### Stored data

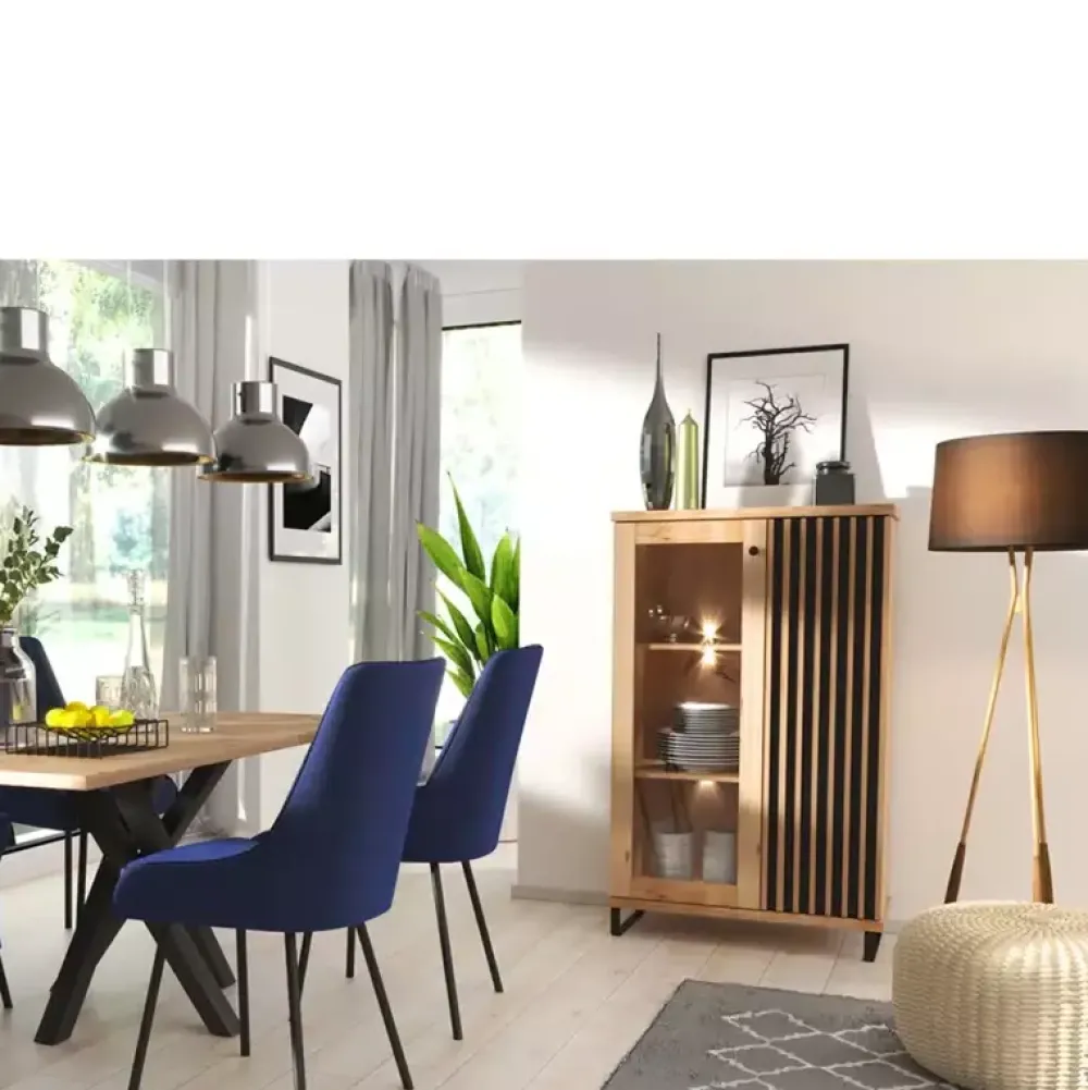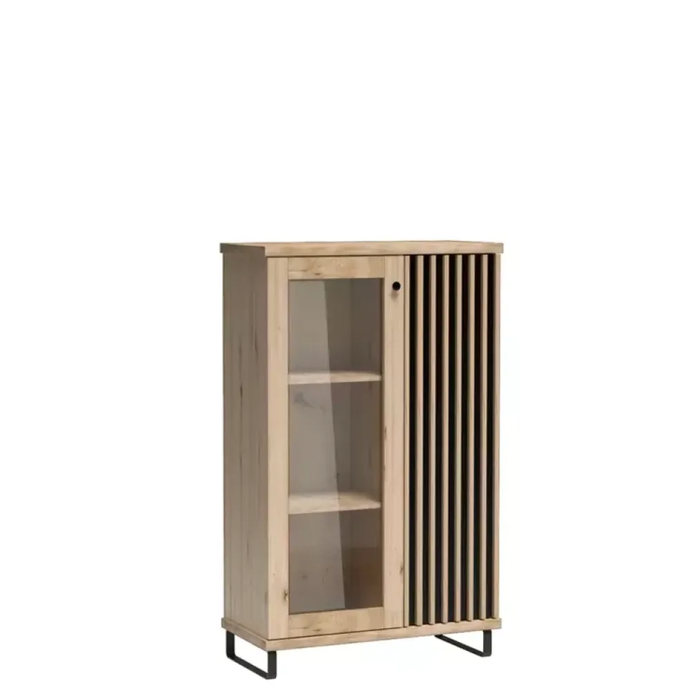 Witryna CALIS jest propozycją, która dzięki swojej stylistyce doskonale sprawdza się we współczesnych aranżacjach salonów. Witryna posiada przeszklone drzwi, za którymi znajdują się dwie półki, na których możesz umieścić akcesoria, aby nadać pomieszczeniu swoich własnych, niepowtarzalnych akcentów. Dodatkowo witryna posiada drzwi z lamelami u frontu, za którymi znajdują się trzy poziomy, na których możesz umieścić akcesoria, które mogą zyskać odrobinę prywatności.
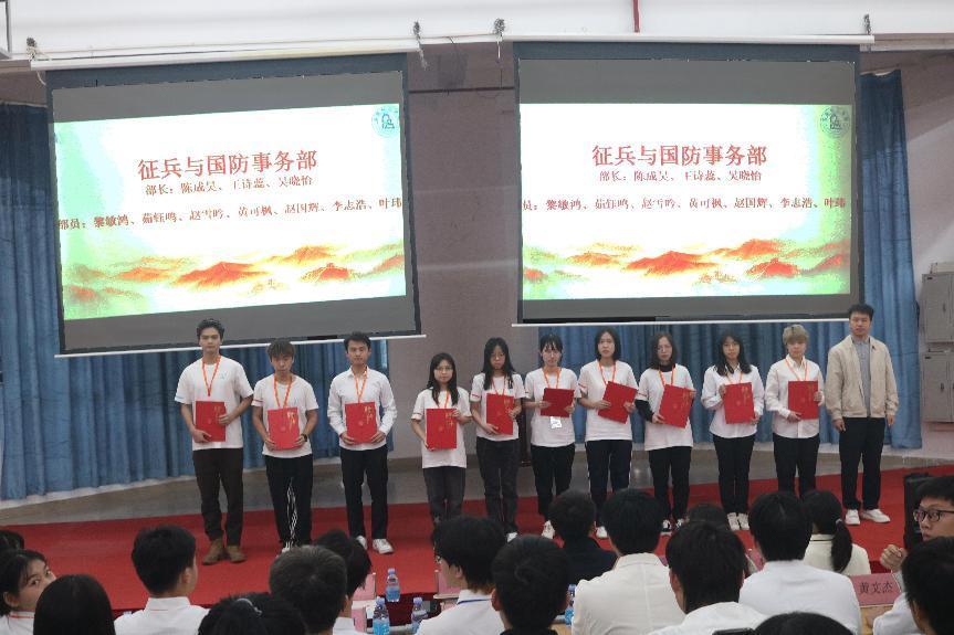 团委学生副书记团成员林晓彤为办公室部长杨小媚、颜秀仪、区镇麒、钟坤明,征兵与国防事务部部长陈成昊、王诗蕊、吴晓怡颁发聘书。
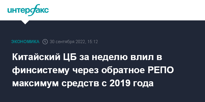 Китайский ЦБ за неделю влил в финсистему через обратное РЕПО максимум средств с 2019 года
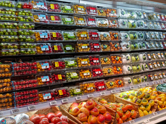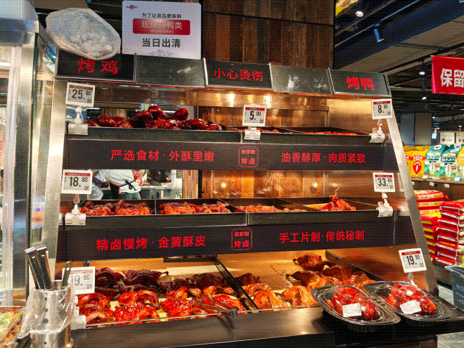 新鲜食品方面,店面在商品质量和品类丰富度方面进一步优化提升。肉禽板块引入优质黑猪肉、贵州小黄牛等品类;水果板块增强了水果钓鱼、果汁、果茶等品类;蔬菜板块,为了保证安全卫生,蔬菜叶、豆制品、分切菜都是在低温柜里精包出售;水产品板块也大大丰富了品类,从新西兰玉鲍到红蟹、皇蟹、大红龙虾。

######

What you should do – Write out exactly and only the lines that run from the start of the data above through the line containing "Китайский ЦБ за", leaving the pictures out.

Response to this exercise –
 Witryna CALIS jest propozycją, która dzięki swojej stylistyce doskonale sprawdza się we współczesnych aranżacjach salonów. Witryna posiada przeszklone drzwi, za którymi znajdują się dwie półki, na których możesz umieścić akcesoria, aby nadać pomieszczeniu swoich własnych, niepowtarzalnych akcentów. Dodatkowo witryna posiada drzwi z lamelami u frontu, za którymi znajdują się trzy poziomy, na których możesz umieścić akcesoria, które mogą zyskać odrobinę prywatności.
 团委学生副书记团成员林晓彤为办公室部长杨小媚、颜秀仪、区镇麒、钟坤明,征兵与国防事务部部长陈成昊、王诗蕊、吴晓怡颁发聘书。
 Китайский ЦБ за неделю влил в финсистему через обратное РЕПО максимум средств с 2019 года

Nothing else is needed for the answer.